Сейчас «броненосец Лена», как ее называли в журналистском сообществе города за непробиваемый характер, активно дружила против Сергея Муромцева. Ее газетка регулярно печатала отвратительные пасквили, рассказывающие про уголовное прошлое Сергея Васильевича, намекая на его не совсем законное увлечение антиквариатом. Кроме того, несколько недель назад Елена Соколова зарегистрировалась кандидатом в депутаты Законодательного собрания по тому же округу, что и Муромцев. Как технический кандидат от власти, она широко использовалась для подачи всевозможных жалоб в избирком. Следующим ее шагом, по всей вероятности, стало написание заявления о клевете.
– А где оклеветали гражданку Соколову? – поинтересовалась Инна. – И как именно?
– Шла бы ты, Инесса. – В голосе подполковника зазвучали жалобные нотки. – Без тебя тошно.
Покладисто отойдя в сторону, Инна достала телефон и без особой надежды набрала номер Муромцева. Тот неожиданно снял трубку после первого же гудка.
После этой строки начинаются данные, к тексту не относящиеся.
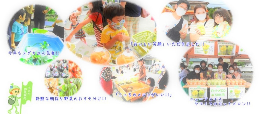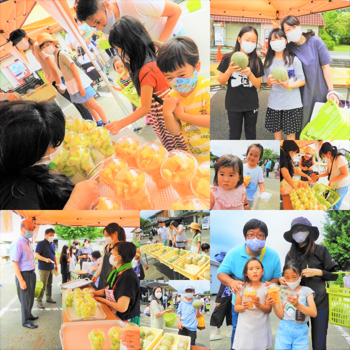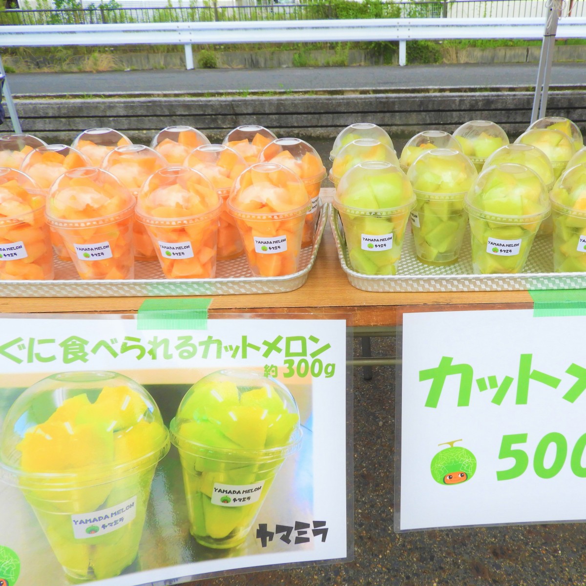 今年は山田学区まちづくり協議会企画グループ「ヤマミラ」によるカットメロン販売が初お目見え!! 透明のカップに入ったオレンジや黄緑の美味しそうなメロンを見つめる子どもたちの姿も見られました!
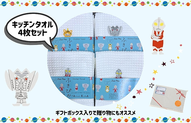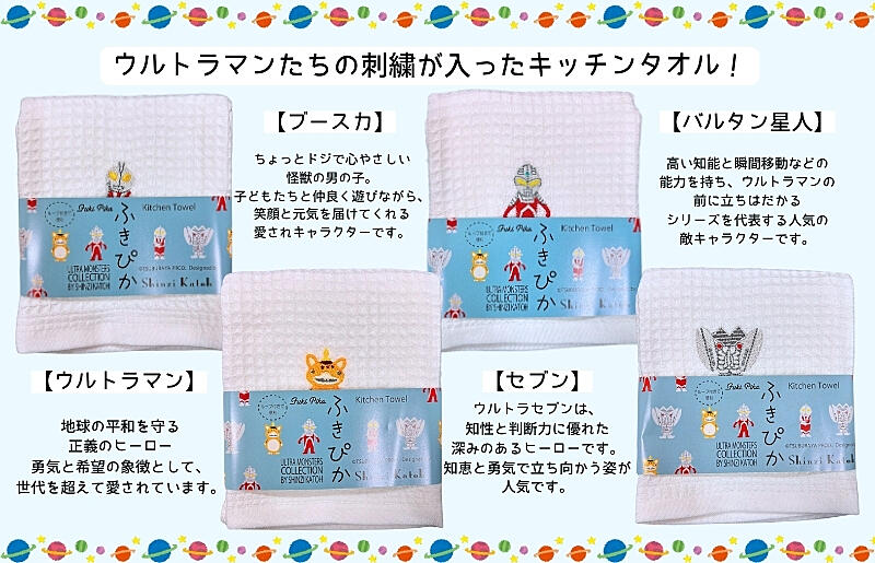 抗菌防臭効果つきの人気キッチンタオル「ふきぴか」に、可愛いウルトラマンと怪獣のデザインが仲間入りしました。

– Привет, красавица, – пробасил он.
– Стою, смотрю на дверь вашего подъезда, – отрапортовала Инна, – очень любопытное зрелище. Кстати, соседи теперь уверены, что в вашей квартире бомбу то ли хранили, то ли изготавливали.
– Душа моя, ты же знаешь, что я по этому адресу только прописан, – засмеялся Муромцев. – Мне кривотолки соседей без разницы.
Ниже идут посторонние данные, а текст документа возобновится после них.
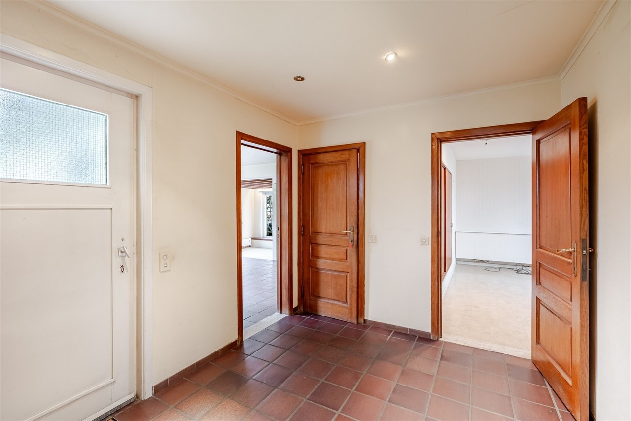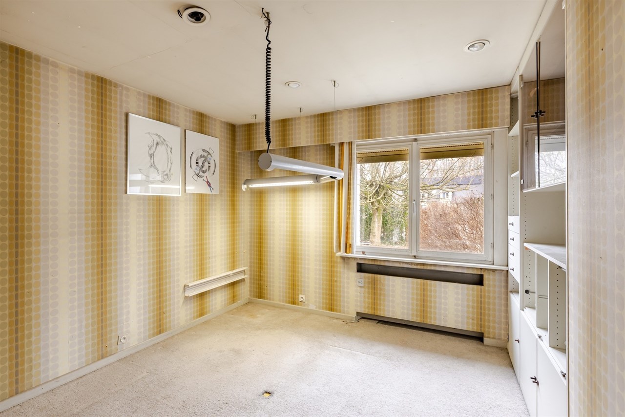 Via de inkomhal met gastentoilet bereikt u ook een aparte bureauruimte, ideaal voor thuiswerk of hobby. Op het gelijkvloers vindt u daarnaast nog een slaapkamer en een badkamer, wat de woning eveneens geschikt maakt voor gelijkvloers wonen.

– Случилось что-то, Сергей Васильевич? В связи с чем весь этот кипиш? Неужто правду говорят, что на вас неугомонный броненосец жалобу написал?
– Ну да. Не унимается, стервь. Прошлой ночью кто-то в округе листовки развесил с ее фотографией и обидным содержанием. Листовок всего-то было штук пять, но они тут же оказались у ментов. Вместе с жалобой, что я, как основной ее конкурент, порочу ее честь, достоинство и деловую репутацию. Хотел бы я понять, где у нее это все находится?
– Погодите, Сергей Васильевич, а вы-то тут при чем? На этих листовках что, ваши отпечатки пальцев нашли?
– Мелко мыслишь, Перцева. На них моя подпись стоит. То есть всевозможные обзывалки с переходом на ее личность подписаны «Сергей Муромцев». Представляешь до чего грязные предвыборные технологии дошли? Сделали из меня дауна, который открыто подписывается под оскорбительными выпадами в адрес конкурента!
– И дальше что?
– Да ничего. Обыск, вишь, устроили. Мне Милка позвонила, что свет погас и кто-то дверь ломает. Компьютер забрали, патроны какие-то нашли.
– А патроны, разумеется, не ваши.
– Да хрен их знает, мои или нет. Я там уже пару лет не ночевал ни разу, может, какие-то охотничьи приблуды и остались, я не помню.
– А в компьютере что-то было интересное?
– Инесса, душа моя… Что может быть интересного в компьютере, на котором Милка работала? Я ж тебе говорю, я той квартирой несколько лет не пользовался.
– А почему там Кук оказалась?
– Так ей жить-то надо где-то. У нее ж денег ни копья. И давать ей их в руки противопоказано – пропьет. Так что жила она у меня в этой квартире. Еду ей раз в два дня возили. По субботам в пакет шкалик добавляли. А она взамен книжку про меня писала. Все по-честному.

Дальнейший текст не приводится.